Buchvorstellung: Mein Weg vom Fegefeuer ins Paradies (Ewald Eggert)

11.10.2024 Niklas Regenbrecht

Hof Eggert.

Michael Rosenkötter

Die tiefgreifenden Veränderungen in der Landwirtschaft seit den 1960er Jahren haben nicht zuletzt in persönlichen Erlebnissen und Erinnerungen ihre Spuren hinterlassen. Autobiografien wie zuletzt von Ewald Frie (Ein Hof und elf Geschwister) legen Zeugnis darüber ab. Verändert hat sich seit Ende der 1960er Jahre aber nicht nur die Landwirtschaft: Die 1960er Jahre waren auch die Sattelzeit einer postindustriellen Moderne, die mit dem Wandel von Einstellungen, Werten und Lebensstilen einherging. Nachvollziehbar werden diese Prozesse anhand von Autobiografien wie derjenigen von Ewald Eggert.  
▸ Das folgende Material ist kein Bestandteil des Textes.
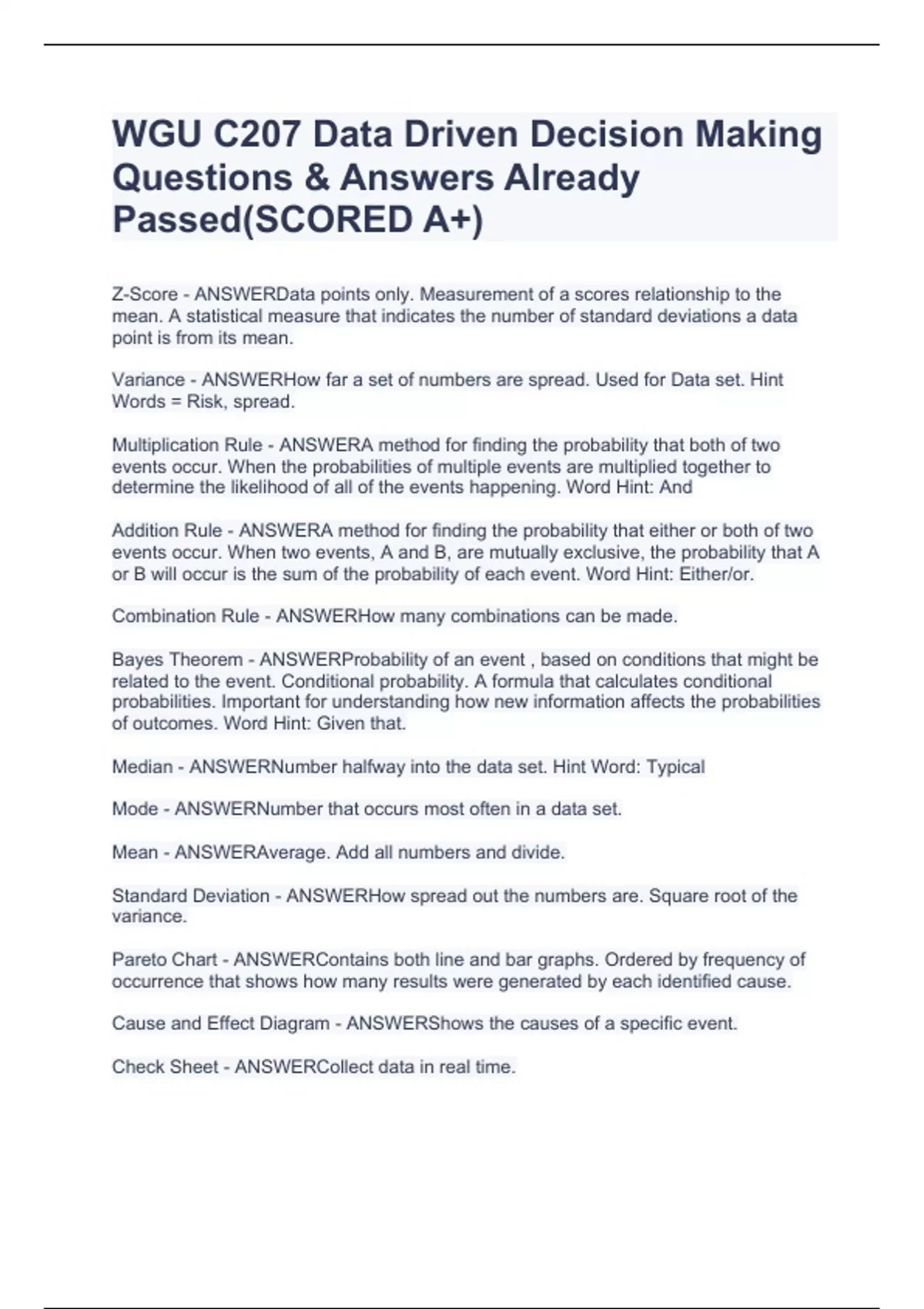 Z-Score - ANSWERData points only. Measurement of a scores relationship to the mean. A statistical measure that indicates the number of standard deviations a data point is from its mean. Variance - ANSWERHow far a set of numbers are spread. Used for Data set. Hint Words = Risk, spread. Multiplication Rule - ANSWERA method for finding the probability that both of two events occur. When the probabilities of multiple events are multiplied together to determine the likelihood of all of the events happening. Word Hint: And Addition Rule - ANSWERA method for finding the probability that either or both of two events occur. When two events, A and B, are mutually exclusive, the probability that A or B will occur is the sum of the probability of each event. Word Hint: Either/or. Combination Rule - ANSWERHow many combinations can be made. Bayes Theorem - ANSWERProbability of an event , based on conditions that might be related to the event. Conditional probability. A formula that calculates conditional probabilities. Important for understanding how new information affects the probabilities of outcomes. Word Hint: Given that. Median - ANSWERNumber halfway into the data set. Hint Word: Typical Mode - ANSWERNumber that occurs most often in a data set. Mean - ANSWERAverage. Add all numbers and divide.

In seinen Lebenserinnerungen unter dem Titel „Mein Weg – Vom Fegefeuer ins Paradies“ erzählt er wie seine Eltern, deren fünf Jungen und die auf dem Hof lebenden Tanten den landwirtschaftlichen Betrieb bewirtschafteten. Neben der Schweinezucht betrieben die Eltern Ackerbau. Der Hof war nicht ihr Eigentum, sondern vom Münsterschen Studienfonds gepachtet. Ewald Eggert erzählt von der mühevollen Arbeit auf dem Hof: so wurden die Runkelrüben zwar maschinell ausgesät, mussten aber manuell ausgedünnt werden. Regelmäßig hatten die Kinder Unkraut zu jäten. Im Herbst wurden die Runkeln aus der Erde gezogen, die Blätter abgestochen und mit der Forke auf die Bockkarre geladen. Große Maschinen machten auf den kleinen Flächen keinen Sinn. Erst Anfang der 1960er Jahre, nach der Flurbereinigung, konnten auf den nun vergrößerten Feldern schwere Traktoren, Mähdrescher und Erntemaschinen eingesetzt werden.
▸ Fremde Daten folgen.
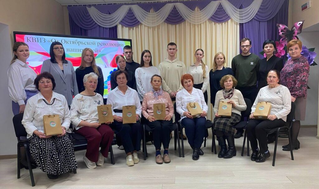 В канун Дня Октябрьской революции в ЦСОН Кореличского района состоялся КВИЗ поколений «От Октябрьской революции до наших дней». В интеллектуальных соревнованиях встретились команды посетителей отделения дневного пребывания для граждан пожилого возраста, рожденные в СССР и дети 21 века, активисты БРСМ первичных организаций г.п.Кореличи.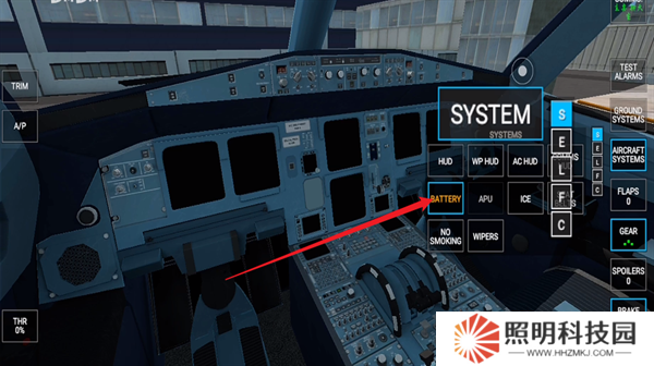 4、進入到飛行器的第一人稱模式當(dāng)中,這里面存在著各種按鍵,每一種都會具有自己的功能,右側(cè)第一個是警報系統(tǒng),第二個是地面系統(tǒng),第三個是貨物,第四個是油量。

Der Autor berichtet von der Hausschlachtung im Winter, von Nikolaus- und Weihnachtsfeiern, von der Volksschule und der Prügelstrafe, vom Pastor, der ihn aufgrund eines Sprachfehlers nicht Messdiener werden lässt, vom „altberühmten Enniger Markt“ und dem alternativen Schützenfest.

„Die Hölle war meine Kindheit nicht, der Himmel war sie aber wahrlich auch nicht. Demzufolge muss es das Fegefeuer gewesen sein. Im Fegefeuer bestand noch die Chance, aus diesem wieder rauszukommen, wenn man sich entsprechend verhielt. Wer lieb, artig, fleißig und gehorsam ist, kann den Himmel noch erreichen, hörte ich in meiner Kindheit häufig.“

Szene auf dem Hof.

Die Übernahme des Hofes war für Ewald Eggert zunächst nicht vorgesehen. Nach einer abgebrochenen Berufsausbildung bei der Post machte er eine Lehre als Karosseriebauer beim Stellmacher Hoppe in Enniger.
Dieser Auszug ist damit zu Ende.